Muscle Weakness Work-Up
Begin by distinguishing true muscle weakness (loss of motor power) from subjective fatigue or pain-related impairment, then grade the weakness objectively using the Medical Research Council Manual Muscle Testing scale, as this distinction fundamentally changes your diagnostic and management approach. 1, 2
Initial Clinical Assessment
History - Key Elements to Elicit
- Pattern of weakness: Determine if proximal versus distal, symmetric versus asymmetric, as asymmetric weakness strongly suggests neurologic conditions while symmetric proximal weakness suggests myopathy 2
- Temporal course: Acute onset (hours to days) suggests Guillain-Barré syndrome, myasthenia gravis, or stroke; subacute (weeks) suggests inflammatory myopathy; chronic (months to years) suggests genetic or endocrine causes 1, 2
- Associated symptoms: Presence of dysphagia, dysarthria, facial weakness, or respiratory symptoms are red flags requiring urgent evaluation 3, 4
- Medication history: Specifically ask about statins, immune checkpoint inhibitors, corticosteroids, and other potentially myotoxic drugs 5, 6
- Fever, rash, or joint symptoms: These suggest inflammatory or autoimmune etiology 5, 4
Physical Examination - Critical Findings
- Objective strength testing: Use Medical Research Council scale (0-5) to document specific muscle groups; functional testing alone is insufficient 2
- Deep tendon reflexes: Absent or reduced reflexes suggest Guillain-Barré syndrome or neuropathy; hyperreflexia with Babinski sign suggests upper motor neuron disease 3, 2
- Muscle atrophy: Presence suggests chronic denervation or disuse 2
- Extramuscular signs: Examine for ptosis and extraocular movement abnormalities (myasthenia gravis), skin rash (dermatomyositis), hoarse voice (bulbar involvement) 3, 4, 2
Laboratory Work-Up
First-Tier Testing (Order Immediately)
- Creatine kinase (CK): Primary marker of muscle inflammation; CK >10× upper limit of normal with symptoms suggests severe myopathy requiring urgent intervention 5, 6
- Electrolytes including calcium and magnesium: Hypocalcemia (check for Chvostek sign), hypokalemia, and hypomagnesemia can cause weakness 2
- Thyroid-stimulating hormone (TSH): Hypothyroidism and hyperthyroidism both cause weakness 1, 2
- Comprehensive metabolic panel: Assess renal function and liver enzymes 4, 6
- Complete blood count: Evaluate for infection or anemia 4
Second-Tier Testing (Based on Initial Results)

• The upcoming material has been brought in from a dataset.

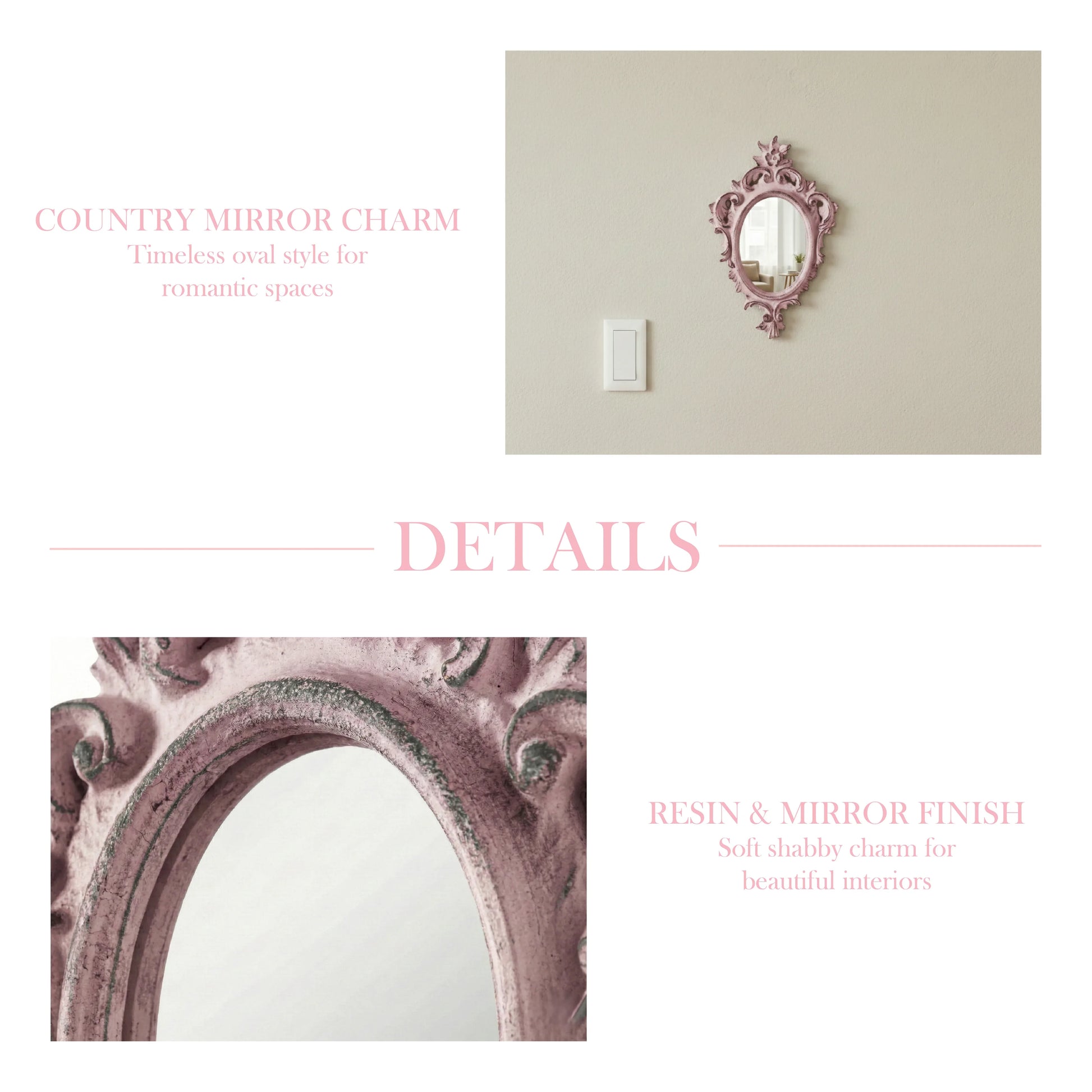 اجعل ديكور منزلك أكثر أناقة مع مرآة الحائط البيضاوية بتصميم شابي أنيق. بلمسة قديمة وتشطيب عتيق، تضيف هذه المرآة طابعًا رومانسيًا إلى الحوائط في غرف النوم أو الممرات.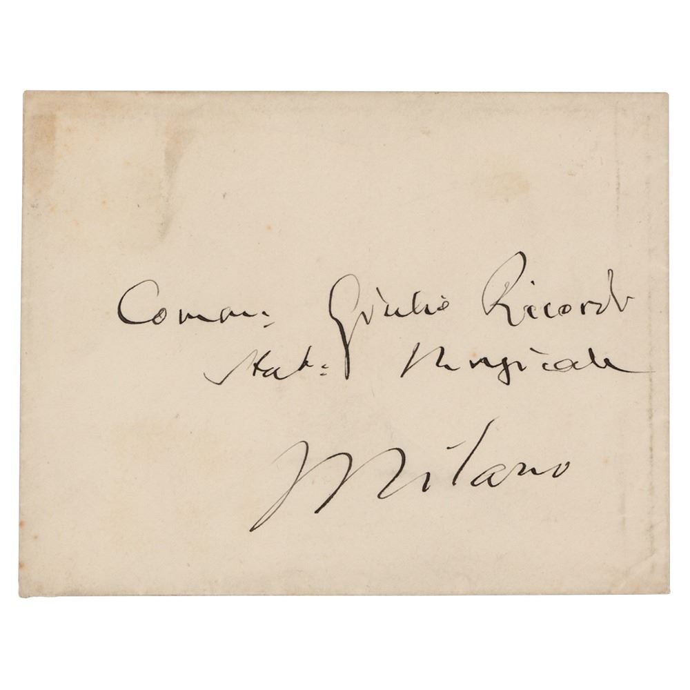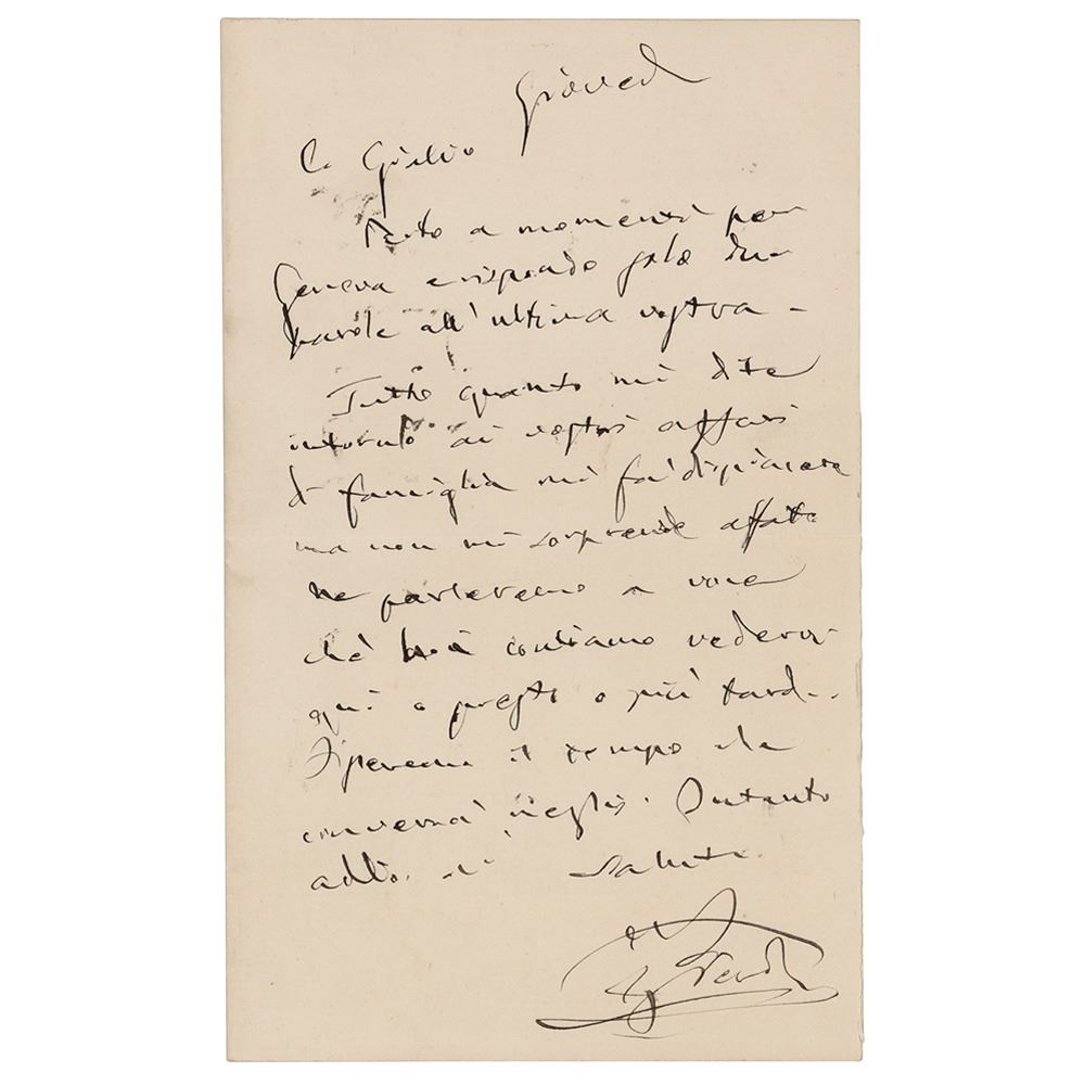 Italian composer (1813-1901) who was one of the most influential figures in the history of opera. ALS in Italian, signed “G. Verdi,” one page, 4.25 x 7, no date. Untranslated handwritten letter to music publisher Giulio Ricordi. In fine condition. Accompanied by the original mailing envelope, addressed in Verdi's own hand.

- Additional muscle enzymes: Aldolase, AST, ALT, LDH if CK is elevated or inflammatory myopathy suspected 5, 4, 6
- Inflammatory markers: ESR and CRP to assess systemic inflammation 5, 4
- Troponin and ECG: Mandatory if myositis suspected, as myocardial involvement can be life-threatening 5, 4, 6
- Autoimmune panel: ANA, rheumatoid factor, anti-CCP if inflammatory disease suspected 4
- Acetylcholine receptor (AChR) antibodies: If myasthenia gravis suspected; if negative, check muscle-specific kinase and LRP4 antibodies 3
Advanced Testing (When Diagnosis Remains Unclear)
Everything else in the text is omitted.